Starting from the line containing "弗里克当选环足奖2025年西甲最佳教练奖,奖杯由拉波尔塔代领", give again every line through the end of the entries, word for word. Pictures stay out of the copy.

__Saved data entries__
□ □ □ □ □
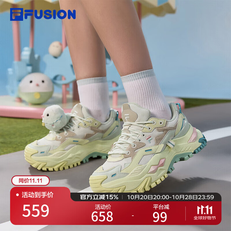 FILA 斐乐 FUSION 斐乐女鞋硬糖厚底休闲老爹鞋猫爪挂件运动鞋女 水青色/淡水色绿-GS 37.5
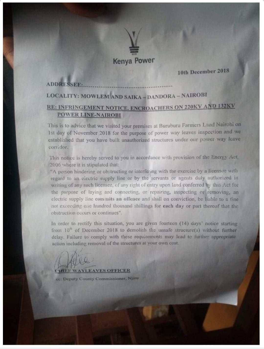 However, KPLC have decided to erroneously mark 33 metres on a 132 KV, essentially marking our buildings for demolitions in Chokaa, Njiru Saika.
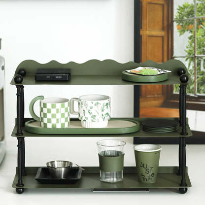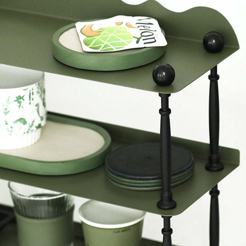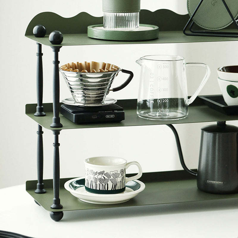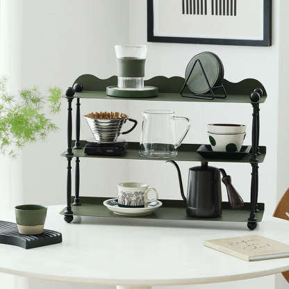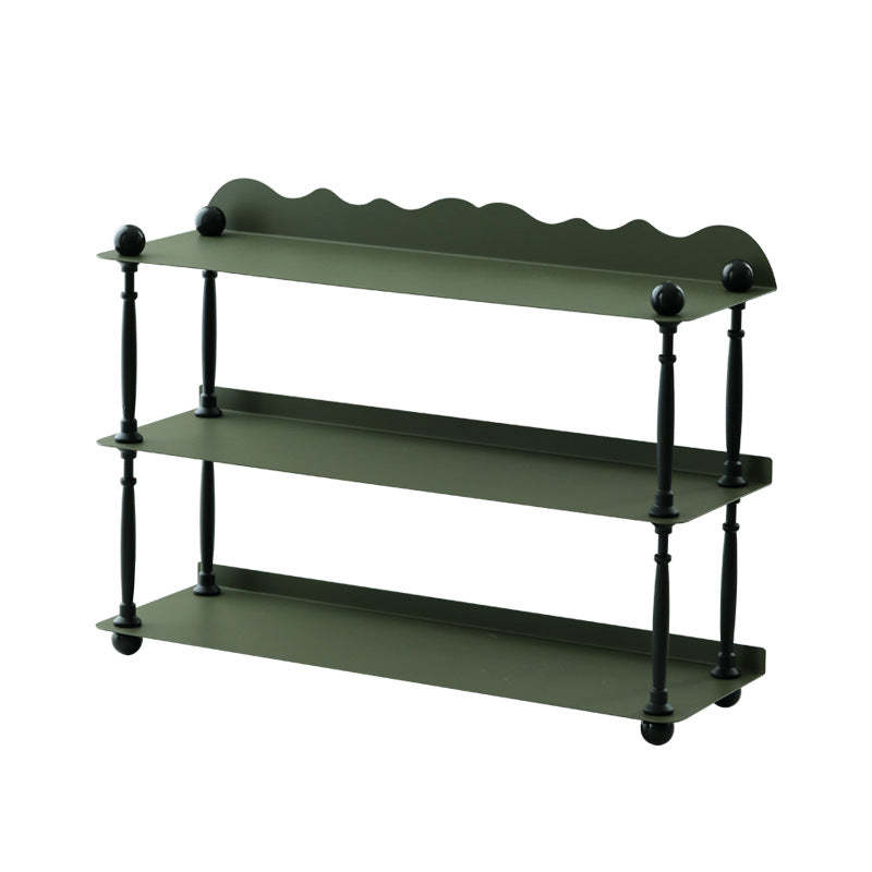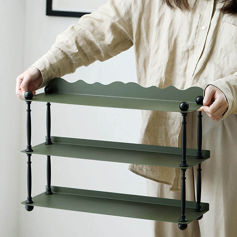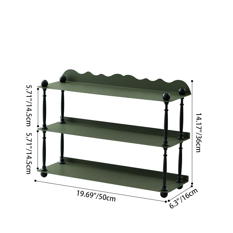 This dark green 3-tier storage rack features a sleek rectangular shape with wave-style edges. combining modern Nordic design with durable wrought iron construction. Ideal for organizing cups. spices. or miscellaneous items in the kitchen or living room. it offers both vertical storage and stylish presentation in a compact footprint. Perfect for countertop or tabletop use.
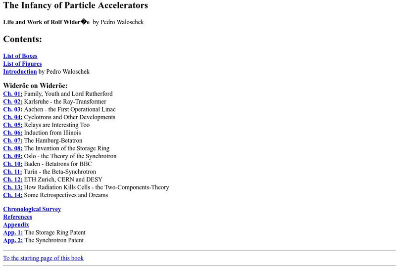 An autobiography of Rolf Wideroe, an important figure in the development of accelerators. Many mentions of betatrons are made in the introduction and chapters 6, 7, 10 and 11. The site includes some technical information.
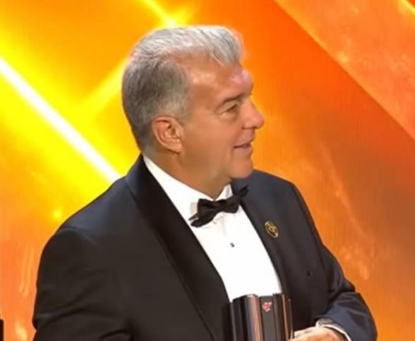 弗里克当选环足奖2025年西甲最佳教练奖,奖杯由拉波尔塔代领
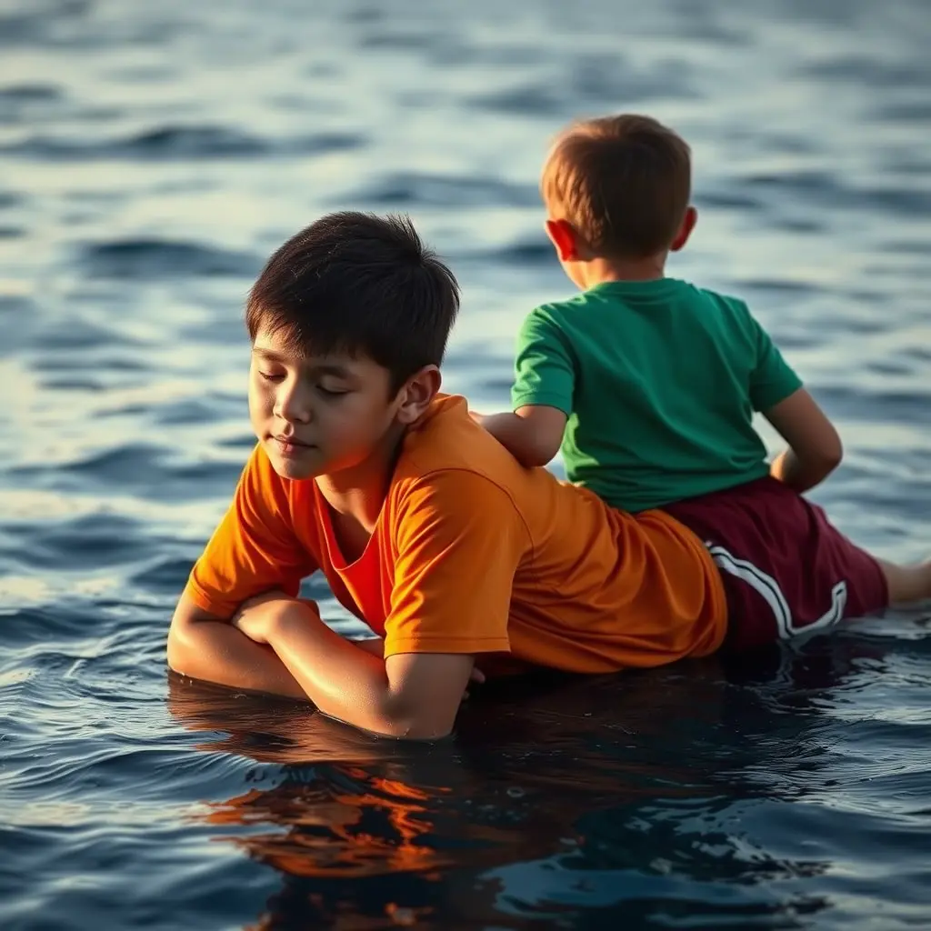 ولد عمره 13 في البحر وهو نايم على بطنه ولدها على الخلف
□ □ □ □ □
__Answer to this task__
 弗里克当选环足奖2025年西甲最佳教练奖,奖杯由拉波尔塔代领
 ولد عمره 13 في البحر وهو نايم على بطنه ولدها على الخلف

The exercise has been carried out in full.